***** Data provided

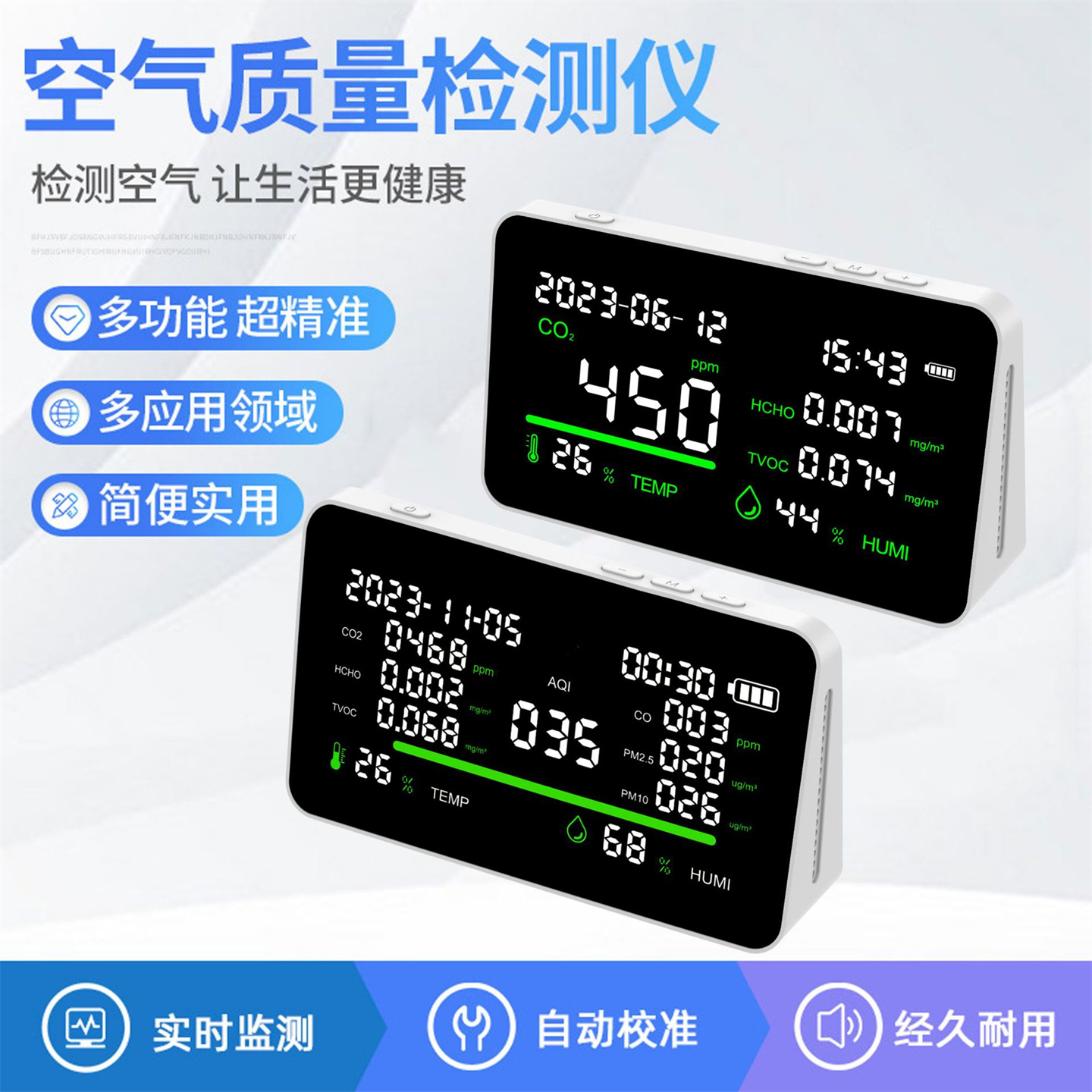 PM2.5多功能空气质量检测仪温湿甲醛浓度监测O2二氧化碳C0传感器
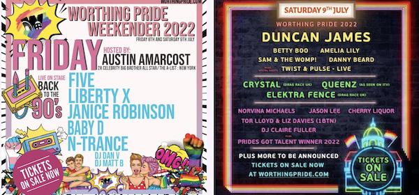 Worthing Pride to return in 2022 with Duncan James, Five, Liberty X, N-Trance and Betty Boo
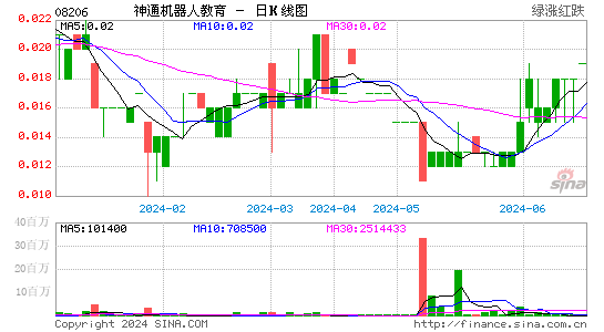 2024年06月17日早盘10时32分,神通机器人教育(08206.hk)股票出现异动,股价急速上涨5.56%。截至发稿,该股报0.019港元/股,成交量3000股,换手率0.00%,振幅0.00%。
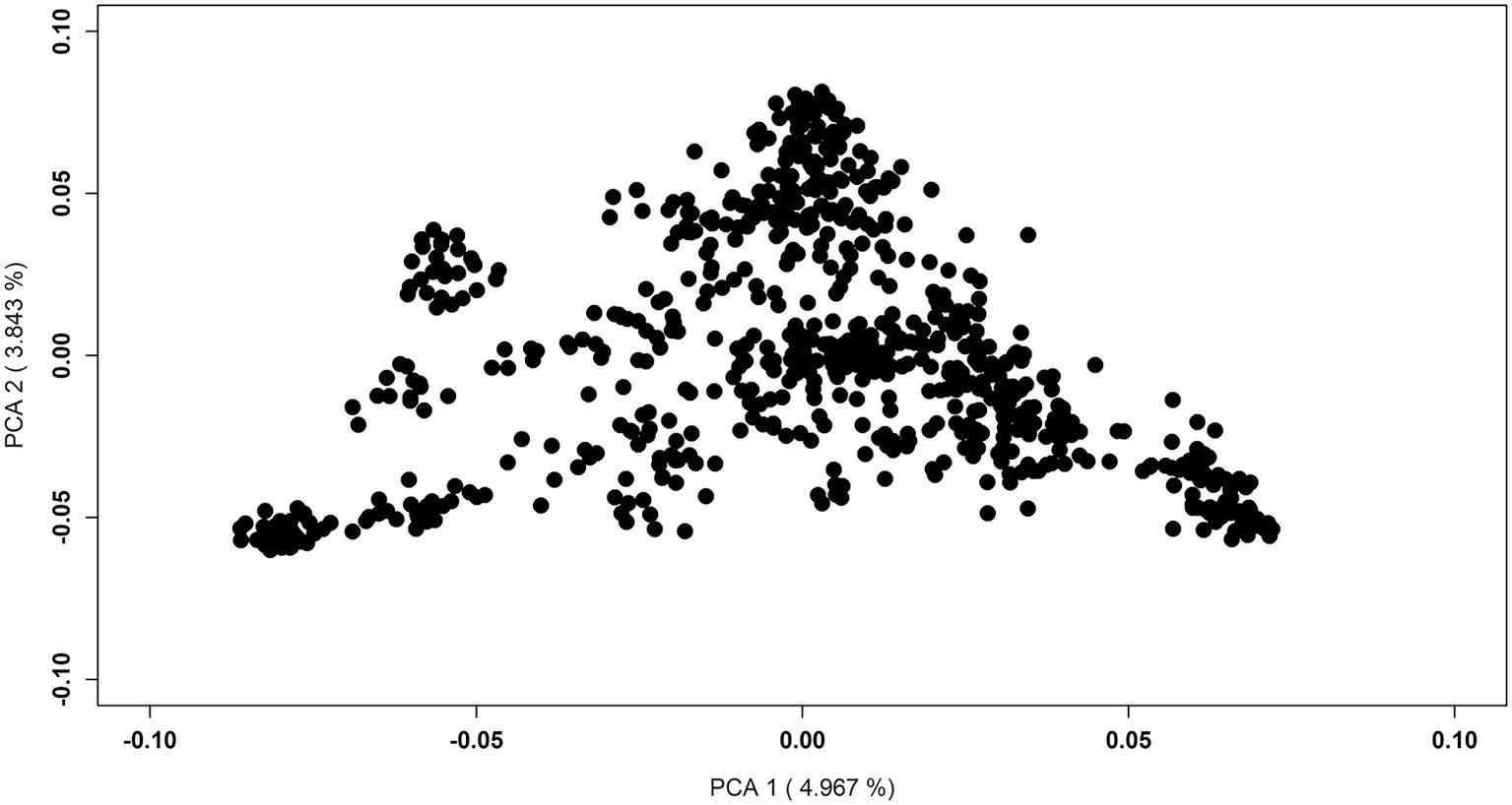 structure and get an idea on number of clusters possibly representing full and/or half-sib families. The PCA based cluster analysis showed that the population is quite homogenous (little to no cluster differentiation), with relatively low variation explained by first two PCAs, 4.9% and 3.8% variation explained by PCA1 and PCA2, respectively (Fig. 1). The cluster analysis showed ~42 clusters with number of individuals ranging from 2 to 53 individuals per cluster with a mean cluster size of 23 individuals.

**********

> Exercise aim
In your reply, every line of the material should appear exactly as written, and no picture should.

> Problem solution
 PM2.5多功能空气质量检测仪温湿甲醛浓度监测O2二氧化碳C0传感器
 Worthing Pride to return in 2022 with Duncan James, Five, Liberty X, N-Trance and Betty Boo
 2024年06月17日早盘10时32分,神通机器人教育(08206.hk)股票出现异动,股价急速上涨5.56%。截至发稿,该股报0.019港元/股,成交量3000股,换手率0.00%,振幅0.00%。
 structure and get an idea on number of clusters possibly representing full and/or half-sib families. The PCA based cluster analysis showed that the population is quite homogenous (little to no cluster differentiation), with relatively low variation explained by first two PCAs, 4.9% and 3.8% variation explained by PCA1 and PCA2, respectively (Fig. 1). The cluster analysis showed ~42 clusters with number of individuals ranging from 2 to 53 individuals per cluster with a mean cluster size of 23 individuals.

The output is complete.